Government Tries to Live Within its Means

Published: 01st March 2016 06:00 AM  |   Last Updated: 01st March 2016 06:46 PM   |  A+A-

Finance ministers often find themselves in tricky situations. Managing growth without raising taxes or opening the credit tap (debt) is a mastery achieved only by a few. Facts and fortune have favoured Finance Minister Arun Jaitley this fiscal. On Monday, as he presented the NDA government’s third Union Budget, he stumped critics not just by sticking to the fiscal deficit target of 3.9 per cent this fiscal, but by extending the commitment to meet rolling targets for the next two years at 3.5 and 3 per cent for FY17 and FY18 respectively. 

Jaitley stressed the fiscal consolidation roadmap would be met without having to compromise on the development agenda. He went on to propose an expenditure of Rs 19.78 lakh crore including Rs 5.50 lakh crore of plan expenditure and Rs 14.28 lakh crore of non-plan expenses.

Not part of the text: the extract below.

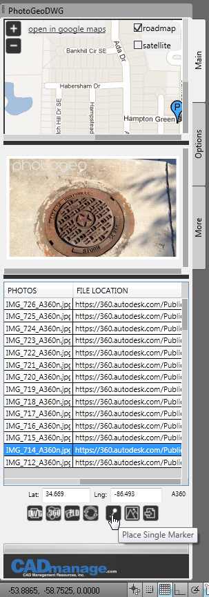 You can use it to locate the real-world condition in Google Maps that you'd like to document photographically, select the image you wish to use to do so – whether on the local system or up in Autodesk 360 – and then place a marker inside the current drawing. This marker connects back to your raster-based documentation (which you can also choose to insert directly into the DWG, should that make sense).

Around this time last year, Jaitley had delayed the fiscal consolidation roadmap in order to build infrastructure by boosting public investment. The macro environment was relatively favourable then and the additional spending was seen as a tool to revive the ailing sector, where projects worth over Rs 2 lakh crore are stuck either due to regulatory hurdles or for want of capital. A year later, global headwinds have derailed growth and volatility has become a new normal for commodities and nations that excessively depend on it. That’s when economists started doling out advice to Jaitley against carrying forward more red ink into the country’s debt chronicle, and potentially curtail our economic health. Jaitley has done well to not toe that line.

Last month, French economist Thomas Piketty had suggested that the Narendra Modi government raise India’s taxes to spur spending. This is something economies elsewhere have been following -- reducing the debt flab, raising taxes and cost-cutting public expenses. Take, for instance, Britain. Just last week its Chancellor of the Exchequer, George Osborne, warned that he may make further cuts in public spending this year. Japan, too, is proposing a revolutionary sales tax increase for 2017.

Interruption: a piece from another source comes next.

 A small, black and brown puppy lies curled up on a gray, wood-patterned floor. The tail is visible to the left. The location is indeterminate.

Back home, the intent to comply with fiscal discipline is good, but the roadmap to implement it over the next three years is, however, unclear. For the next fiscal, the government hopes GDP growth will not slide, thereby dragging tax revenue down with it.

For FY17, if total expenditure is expected to grow by 10.8 per cent over the previous fiscal, gross tax revenue is set to grow at 11.7 per cent at Rs 16.30 lakh crore. It’s pertinent to note here that tax revenue often falls short of projections. As a result, governments will be compelled to either cut plan expenditure or borrow from the market to meet expenses. Interestingly, the current financial year is an outlier. Two things worked in its favour. One, falling oil prices helped Jaitley and team pocket a neat Rs 2 lakh crore. Second, auction of assets like coal and spectrum brought in a similar amount.

But if the proposed expenditure is to be met, tax revenue needs to grow proportionately. This growth is dependent on the economy. The higher the GDP, the higher the tax revenue will be. Though the nominal GDP growth rate has been set at around 11 per cent this fiscal, the government is expecting a modest 11.76 per cent growth at Rs 16.25 lakh crore.

But it’s the non-tax revenue that the government is pinning its hopes on. Typically, this comprises revenue from interest earned on loans, dividend from public sector outfits, revenue earned on government services, etc. Such revenue is estimated at Rs 3,22,921 crore, about 25 per cent higher than the estimated receipts during FY16. The estimated increase factors higher receipts through spectrum auction and dividends receipts. This healthy double digit is based on potential for higher receipts through rationalisation of user charges/fees etc on services provided by various ministries and departments, and a realistic increase projected under the general and social services.

Then there are non-debt capital receipts, which largely includes disinvestment proceeds aggregating Rs 56,500 crore, including Rs 36,000 crore from the sale of stakes in public sector enterprises as well as Rs 20,500 crore from the sale of strategic and minority stake holdings. But there’s a catch. The Disinvestment Commission was first constituted in August 1996 and, ironically, the government has missed the set divestment target all the time till date. Reasons are aplenty: weak capital market sentiment, labour unrest, delay in decision-making and so on. In the rough and tumble of modern financial markets, whether this revised target will be met remains to be seen. But from the government perspective, to be sure, it has tempered down the target for next financial year to a more realistic level and in Jaitley’s words, it will be pursued ‘vigorously. ‘

Of all the government income and expenditure, what really matters is the capex — amount spent on creating assets. Unfortunately, this fell from 23.2 to 12 per cent in last 10 years. If for FY16, it is project at 13.6 per cent of total expenditure, it remains to be seen if this will go up or down in FY17.